Tobacco-Use Disparity in Gene Expression of ACE2, the Receptor of 2019-nCov

Version 1 : Received: 3 February 2020 / Approved: 5 February 2020 / Online: 5 February 2020 (02:56:53 CET)
Version 2 : Received: 12 February 2020 / Approved: 14 February 2020 / Online: 14 February 2020 (04:32:49 CET)

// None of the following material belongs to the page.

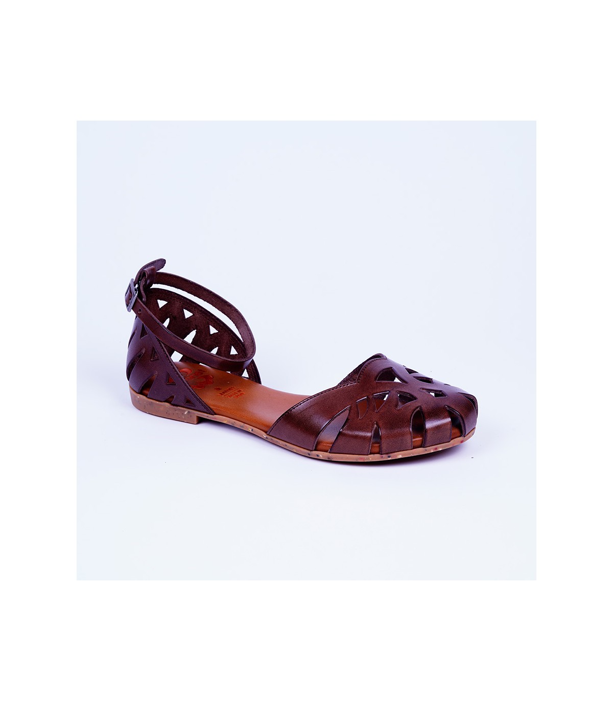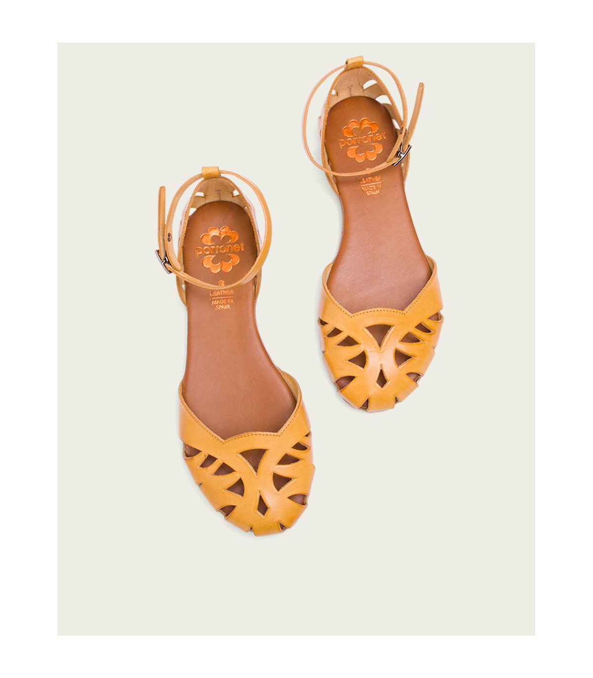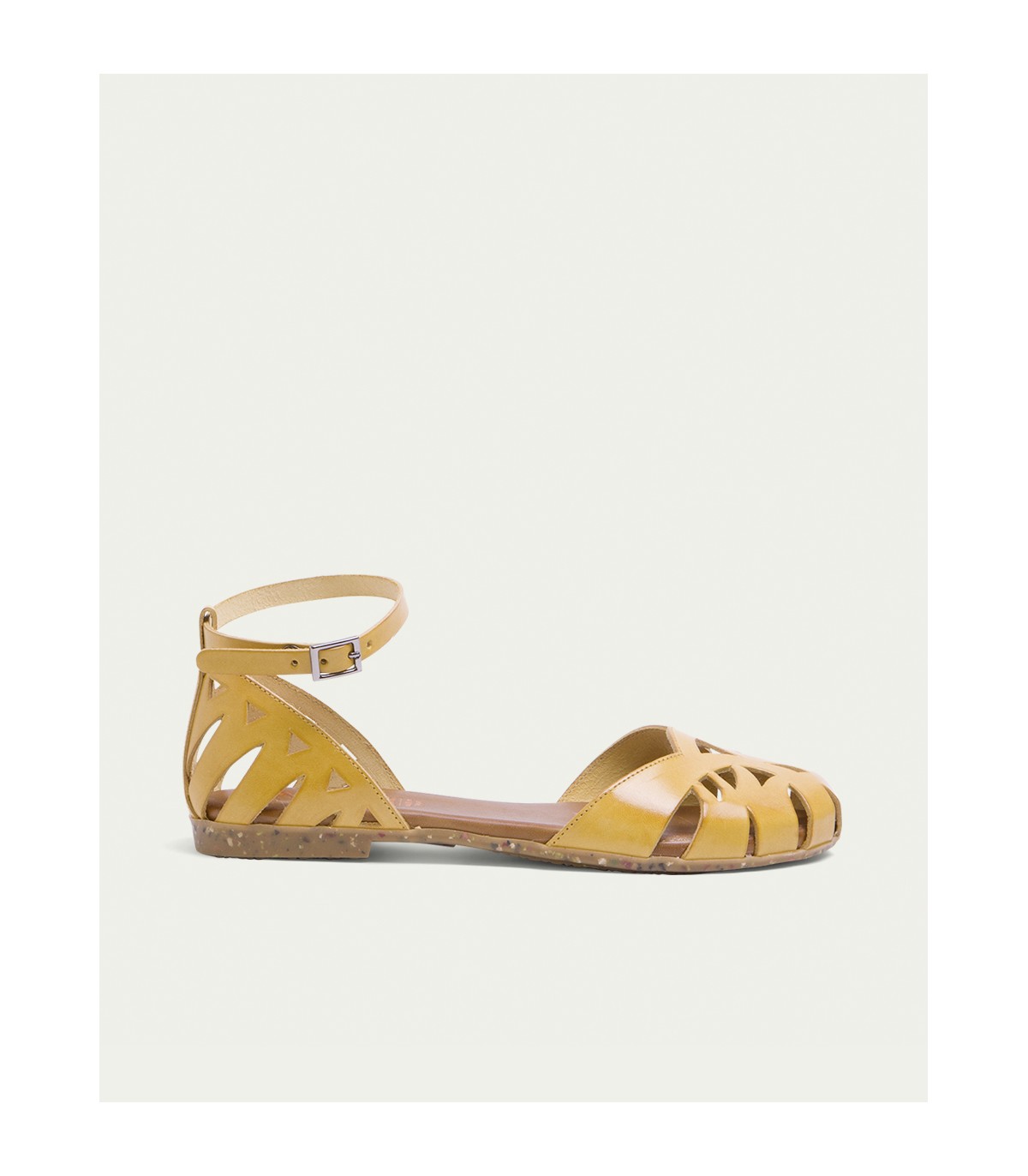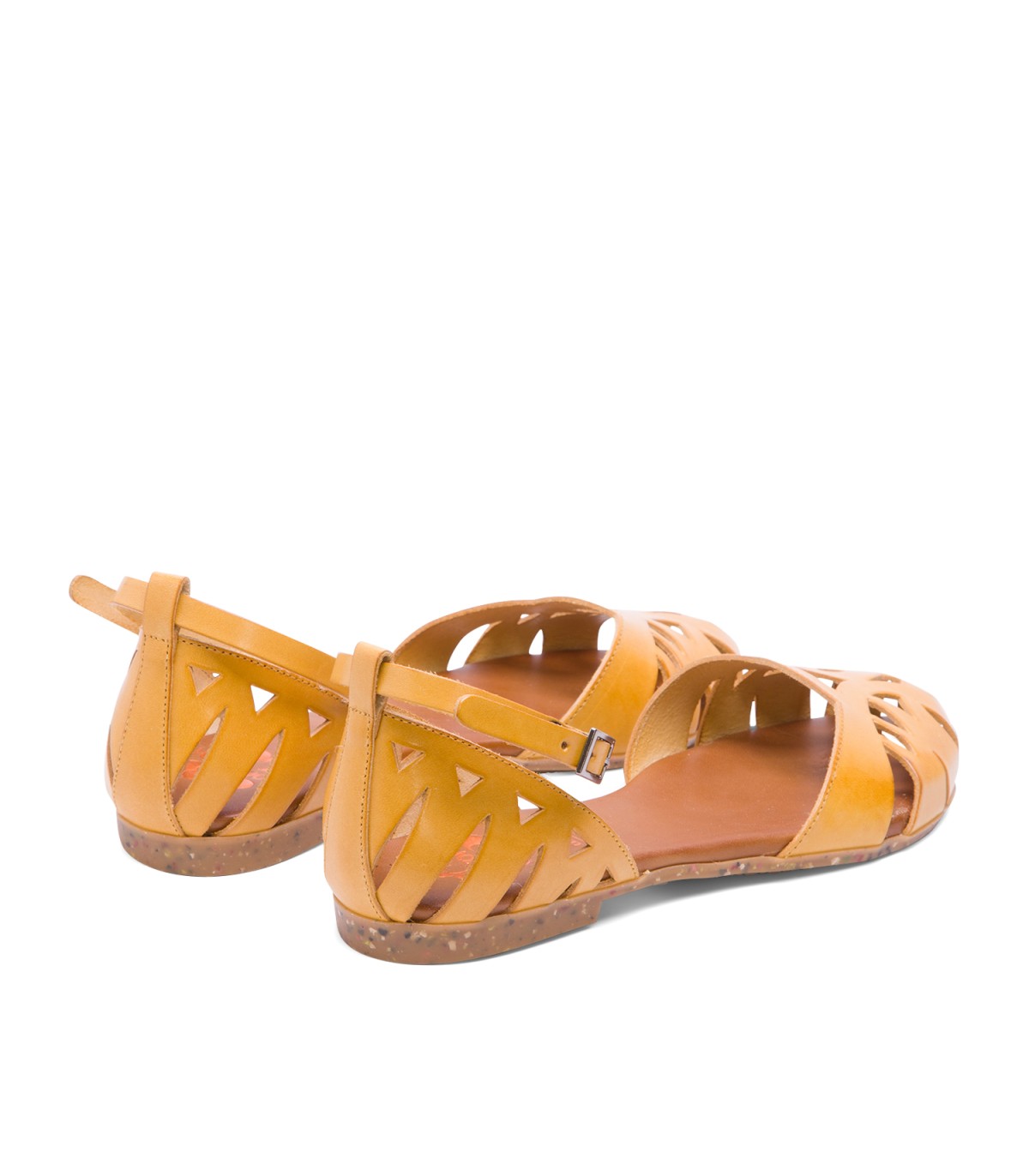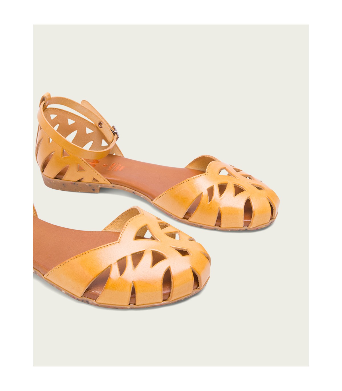 Sandalia plana de piel de color mostaza con pala y talón troquelado. Cierre con tira ajustable con hebilla. Plantilla en piel acolchada que junto al piso de goma flexible antideslizante garantiza una gran comodidad. Fabricado en España.

How to cite: Cai, G. Tobacco-Use Disparity in Gene Expression of ACE2, the Receptor of 2019-nCov. Preprints 2020, 2020020051 (doi: 10.20944/preprints202002.0051.v1). Cai, G. Tobacco-Use Disparity in Gene Expression of ACE2, the Receptor of 2019-nCov. Preprints 2020, 2020020051 (doi: 10.20944/preprints202002.0051.v1).

Abstract

In current severe global emergency situation of 2019-nCov outbreak, it is imperative to identify vulnerable and susceptible groups for effective protection and care. Recently, studies found that 2019-nCov and SARS-nCov share the same receptor, ACE2. In this study, we analyzed four large-scale datasets of normal lung tissue to investigate the disparities related to race, age, gender and smoking status in ACE2 gene expression. No significant disparities in ACE2 gene expression were found between racial groups (Asian vs Caucasian), age groups (>60 vs <60) or gender groups (male vs female). However, we observed significantly higher ACE2 gene expression in smoker samples compared to non-smoker samples. This indicates the smokers may be more susceptible to 2019-nCov and thus smoking history should be considered in identifying susceptible population and standardizing treatment regimen.

Subject Areas

Wuhan 2019-nCov; ACE2; expression; susceptibility; race; age; gender; smoking

Comments (7)

Comment 1
Received: 6 February 2020
Commenter: Leo Hopkins
The commenter has declared there is no conflict of interests.
Comment: Very good article. One question - The article stipulates "tobacco smoking" - Question, do we know yet what in tobacco smoking causes the significant increase of ACE2 receptor sites and how does this compare with vapeing ? - In other words, is it the nicotine itself which causes the problem or other chemicals found in tobacco smoke that are not present in vaping? Also, does this ACE2 expression significantly reduce over time once a person quite smoking?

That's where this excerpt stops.